8.2 Data Quality and Integration Forecast
Kelly ( 2010 ) , a intelligence editor of SearchDataManagement.com had written an article about experts doing a anticipation on tendencies of informations quality and informations integrating for the twelvemonth 2010. The experts are Aaron Zornes, San Francisco main research officer, and Rob Karel, the chief analyst at Cambridge.
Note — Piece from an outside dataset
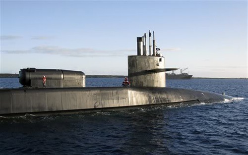 资料图片:美俄亥俄级核潜艇艇体后部的凸出物就是“干式甲板换乘舱”(图片来源于网络)。
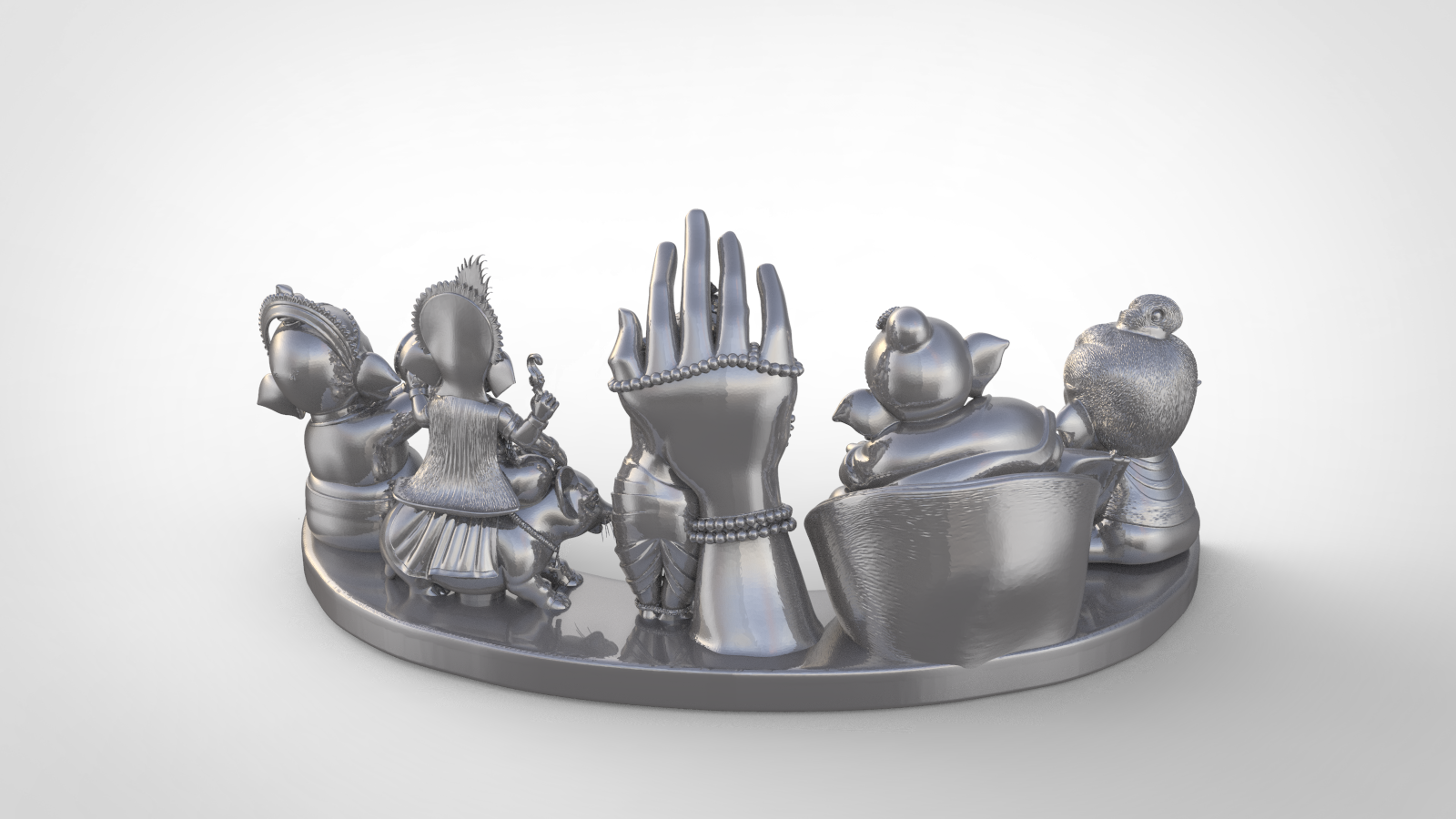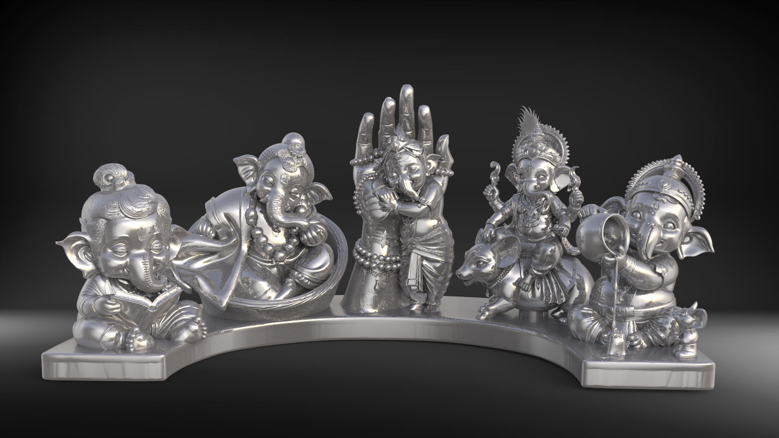 This 3D‑printed Ganpati Panchdev idol brings together Lord Ganesha with four other principal deities, representing the traditional Panchdev worship of five gods in one sacred form. In Hindu belief, Panchdev upasana honours Ganesha, Shiva, Vishnu, Shakti and Surya as different aspects of the same supreme divinity, making this piece a powerful symbol of balance, protection and prosperity in daily life.

Rob Karel had provided a list of anticipations for informations integrating and informations quality as below ;
Data administration engineering supports and patterns will take the informations quality treatment.
Real-time informations quality services will derive power.
Data integrating and information quality will maintain on researching the inundation of information.
Enterprise integrating schemes will unite the competences of application integrating and information integrating into a shared service organisation.
Aaron Zornes, on the other manus provide a set of anticipation as below ;
In 2010, most organisations will emphasis on informations administration range as they focus on merchandise, client, or seller administration.
In 2011, most of systems planimeters and system advisers will concentrate on bring forthing informations administration models.
In 2012, merely 25 % organisations will actively include procedures and competences of informations quality in their informations integrating undertaking.
In 2012, organisations that could non implement informations direction and integrating to their bing informations warehouse will non able to prolong their operational analysis.
By the terminal of 2012, the separate markets for tools of informations integrating and information quality will unify into one.
Most of organisations presents are concentrating on undertaking possible users or clients. Unfortunately, they do non cognizant and giving deficiency attendings towards the importance in quality and integrating of informations. Poor data quality will take to inefficient of concern processing and operation. Therefore, organisation should implement or pattern informations quality methodological analysiss in order to assist their organisation to win in concern operation.